Bloom's forays into power and its manipulations were intense. "In the music and film industry everyone knew that money and career advancement were on the line. But few realized how deeply what they did affected the lives of millions, and even fewer felt the responsibility that demands. It was an amazing privilege to work as an equal with the entertainment industry's elite, many of whom I either had to woo or thwart to help my clients reach their audience with a message of genuine value. Some executives were master strategists, but used their intelligence to increase their own stature, often at a brutal cost to others. Yet even the best-intentioned employed boardroom and backroom tactics handed down from the politics of chimpanzees. Without knowing it, they used tricks of leadership we share with social animals from lizards and lobsters to baboons and mountain apes."

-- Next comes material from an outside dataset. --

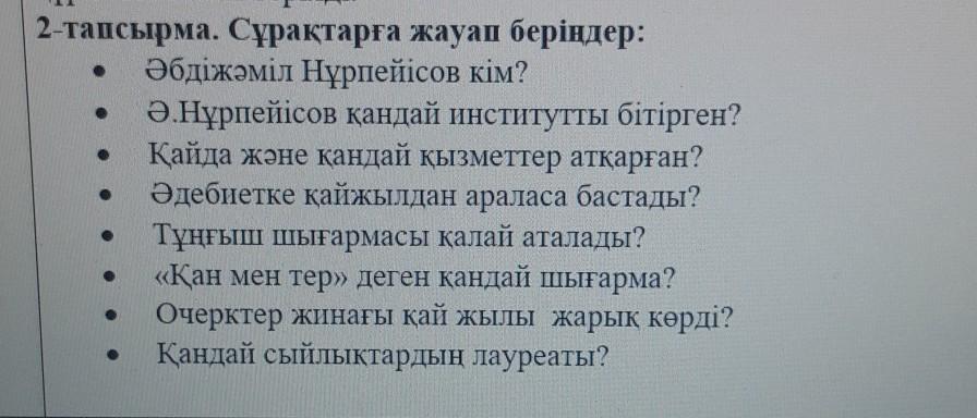 2-тапсырма. Сұрақтарға жауап беріңдер:

The political subculture was the one which revealed the most disturbing side. Bloom founded the US's Music in Action, a national anti-censorship organization. This brought him into head-on combat with Tipper Gore, wife of Vice President and eventual presidential candidate Al Gore. Says Bloom, "Tipper and the right wing religionists who used her for their ends were masters of perceptual manipulation. They perpetrated hoaxes of outrageous transparency, yet still managed to convince the press and public that their falsifications were true." Twenty pages in The Billboard Guide to Music Publicity are devoted to Bloom and the antidote he invented, "perceptual engineering," which he defines as "a way of finding a valid truth which the herd refuses to see, then turning the herd around and making that truth self-evident. It's what we do in much of science--seeing the ordinary from a new perspective, then revealing what makes it tick and in the process altering society's views."

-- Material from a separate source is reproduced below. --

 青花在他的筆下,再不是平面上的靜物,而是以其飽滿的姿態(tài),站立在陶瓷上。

In 1981, Bloom organized the material he'd unearthed and began the formal research for a new theoretical structure which would reveal itself in The Lucifer Principle. However he continued pursuing scientific truths in unconventional ways. In 1995 Bloom headed an insurgent academic circle called "The Group Selection Squad" whose efforts precipitated radical re-evaluations of neo-Darwinist dogma within the scientific community. In 1997, he founded a new discipline, paleopsychology, whose participants included physicists, psychologists, microbiologists, paleontologists, entomologists, neuroscientists, paleoneurologists, invertebrate zoologists, and systems theorists. Paleopsychology's mandate is to "map out the evolution of complexity, sociality, perception, and mentation from the first 10(-32) second of the Big Bang to the present."

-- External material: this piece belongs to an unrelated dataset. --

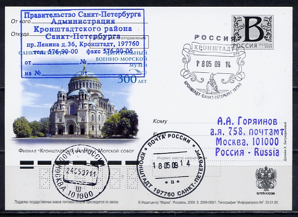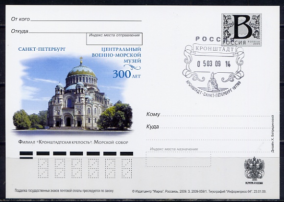 #1123 ЦЕНТАЛЬНЫЙ ВОЕННО-МОРСКОЙ МУЗЕЙ. ФИЛИАЛ "КРОНШТАДСКАЯ КРЕПОСТЬ". МОРСКОЙ СОБОР КАРТОЧКА С ЛИТЕРОЙ В

Evolutionary biologist David Sloan Wilson has written that with his unusual insights Bloom has "raced ahead of the timid scientific herd" often "vaulting over their heads" with a "grand vision" that "we do strive as individuals, but we are also part of something larger than ourselves, with a complex physiology and mental life that we carry out but only dimly understand." In The Lucifer Principle, Bloom brings those understandings from dimness into the light.